Action item
Output, exactly as written, the lines below starting at the line containing "Młodych miłośników teatru" and ending at the line containing "Embracing unity diverse". Drop the pictures and keep both end lines.

Records for this exercise
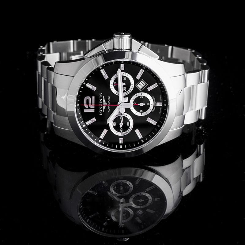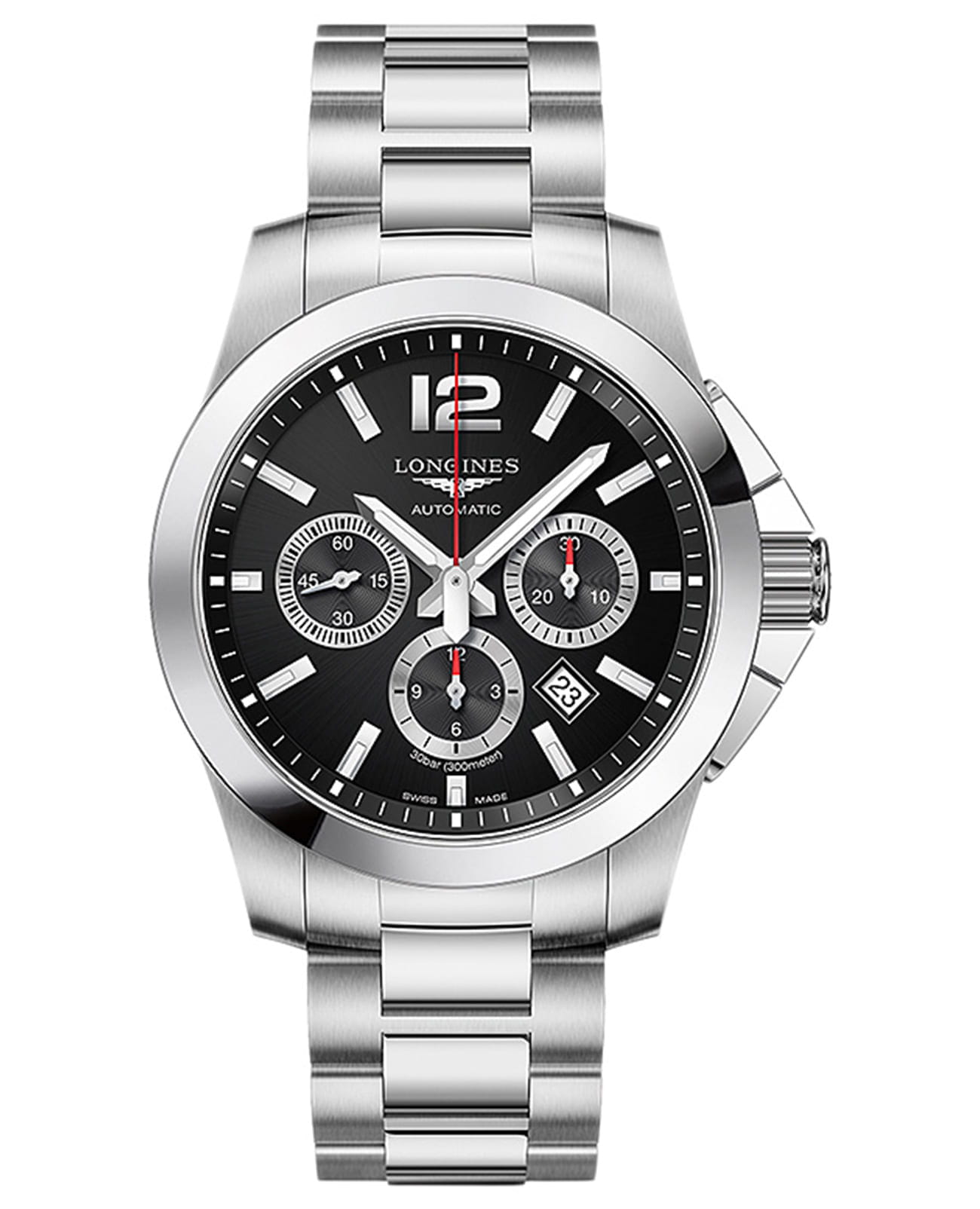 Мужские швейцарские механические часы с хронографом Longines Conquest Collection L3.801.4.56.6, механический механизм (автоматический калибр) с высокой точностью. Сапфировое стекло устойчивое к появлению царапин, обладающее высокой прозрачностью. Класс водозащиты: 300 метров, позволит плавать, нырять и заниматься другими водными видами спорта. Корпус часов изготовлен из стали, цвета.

---

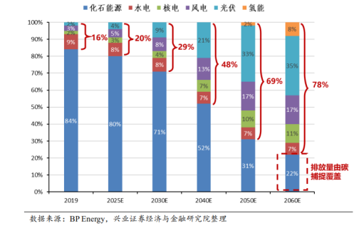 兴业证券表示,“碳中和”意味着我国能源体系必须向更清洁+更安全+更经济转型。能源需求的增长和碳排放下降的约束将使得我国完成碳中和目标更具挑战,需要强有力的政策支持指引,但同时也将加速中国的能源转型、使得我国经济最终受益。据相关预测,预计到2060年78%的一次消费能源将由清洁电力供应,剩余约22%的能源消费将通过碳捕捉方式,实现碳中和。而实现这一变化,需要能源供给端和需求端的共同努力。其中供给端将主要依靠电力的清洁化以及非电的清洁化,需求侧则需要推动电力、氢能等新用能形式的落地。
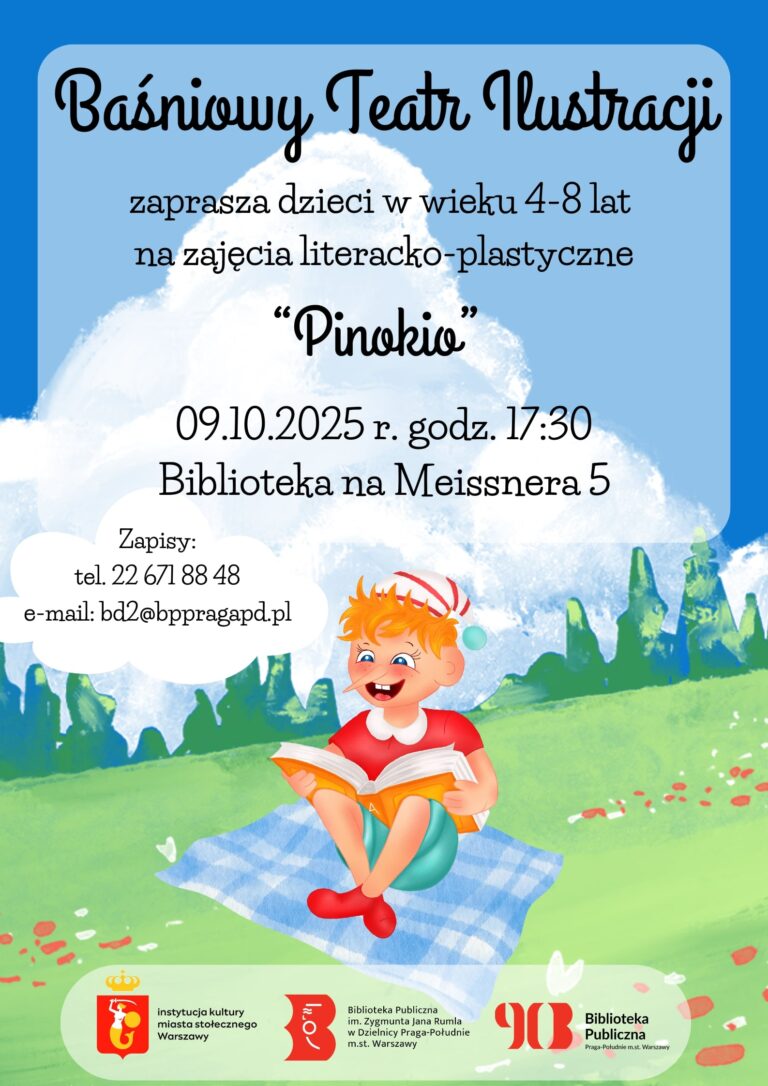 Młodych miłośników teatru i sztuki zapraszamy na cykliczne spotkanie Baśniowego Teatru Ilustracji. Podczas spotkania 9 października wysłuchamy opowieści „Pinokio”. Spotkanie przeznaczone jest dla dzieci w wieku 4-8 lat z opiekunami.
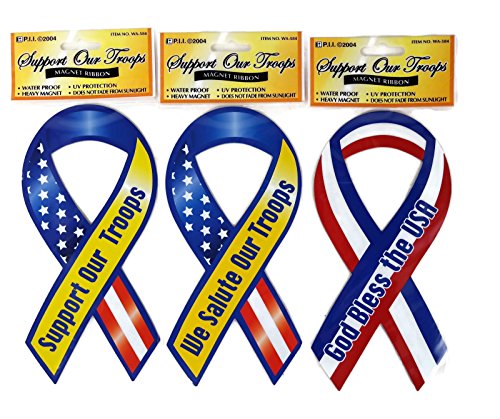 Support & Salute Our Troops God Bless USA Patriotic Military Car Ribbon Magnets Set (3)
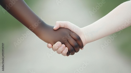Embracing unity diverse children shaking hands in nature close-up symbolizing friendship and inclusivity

Result of the task
 Młodych miłośników teatru i sztuki zapraszamy na cykliczne spotkanie Baśniowego Teatru Ilustracji. Podczas spotkania 9 października wysłuchamy opowieści „Pinokio”. Spotkanie przeznaczone jest dla dzieci w wieku 4-8 lat z opiekunami.
 Support & Salute Our Troops God Bless USA Patriotic Military Car Ribbon Magnets Set (3)
Embracing unity diverse children shaking hands in nature close-up symbolizing friendship and inclusivity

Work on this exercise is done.